- Born: c. 1843s Boćki Grodno Governorate, Russian Empire
- Died: March 12, 1896 Krasnystok, Grodno Governorate, Russian Empire
- Occupation: Priest
- Spouse: Pelagia Tymińska (née Kalinowska)
- Children: Włodzimierz, Zofia, Jan, Olga

= Herman Tymiński =

Polish Orthodox priest (1843–1896)

Herman Tymiński (German Tymiński; ros. Герман Тиминский; 1843 Boćki - 12 March 1896, Krasnystok, presently Różanystok) was an Orthodox priest active in the Grodno Governorate of the Russian Empire. He is remembered for his long and devoted ministry in Marian Sanctuary in the town of Krasnystok, where he revitalized religious life.

==Biography==
Michał Tymiński (b.1740) (son of Gregory (Grzegorz)), the grandfather of Herman, was an Uniate parish priest in the village of Andryjanki of Sapieha and Potocki. Herman's father, Jakob (Jakub) Tymiński (b. 1800), served as Uniate parish priest in Drohiczyn and Boćki. Both of Herman's brothers were also Orthodox priests, Peter (1879–1908) in the churches in Strugi-Buklicze and Rubel, and Platon (1832-1893) in Oltush transfiguration church and in Włodawa. The last priest in the family was Peter's son, Afanasy (Афанасий, b. 1860), who served as parish priest at the Synkovichskaya Church, St. Vladimir's Church in Grodno, the Church of St. Nicholas in Nikolskoye-Gagarino, and the Church of St. Michael the Archangel in Mikhailovskoye.

Tymiński studied at the Lithuanian Theological Seminary and was ordained as a priest on 17 January 1864. His first appointment was to the parish church in Łasza in Grodno district.

Before 1871 he probably moved to Boćki, where his son Jan was born.

Shortly thereafter, he was transferred to Krasnystok.
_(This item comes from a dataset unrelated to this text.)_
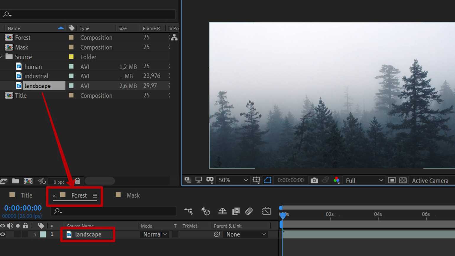 Теперь нужно в композицию Forest добавить видео леса (landscape) из папки Source. Двойным кликом мыши откройте композицию Forest (также это можно сделать, кликнув по вкладке в верхней части панели слоёв) и перенесите туда видео леса, как показано на скриншоте: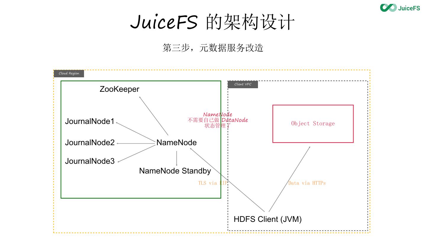 14 . JuiceFS 的架构设计 第三步,元数据服务改造 Cloud Region Client VPC ZooKeeper NameNode JournalNode1 不需要自己做 DataNode 状态管理了 Object Storage JournalNode2 NameNode JournalNode3 NameNode Standby TLS via EIP Data via HTTPs HDFS Client (JVM)

Father Herman had served in Krasnystok for 24 years.

He died from typhoid and epidemic typhus on 12 March 1896, fully conscious, blessing his wife and children before his death.

He was the grandfather of Brunon Tymiński, co-grandfather of Karol Rzepecki and the great-grandfather of Danuta Siedzikówna and Wiesława Korzeń.

==Legacy==
Krasnystok is known for its miracle-working icon of the Mother of God and attracts numerous pilgrims. During the tenure of Fr. Herman, the parish underwent significant revival after a period of decline. Contemporary accounts attribute the restoration of religious life and increased pilgrimage—among both Orthodox and Catholic faithful—to his efforts. Reports also indicate that members of neighboring Uniate Church communities began participating more frequently in services and sacraments at Krasnystok. The restoration took place amid local tensions and resistance, reflecting broader religious and social divisions in the region.

A saying associated with his legacy states, “The honor of a good man shall be remembered from age to age,” reflecting his reputation for humility and service.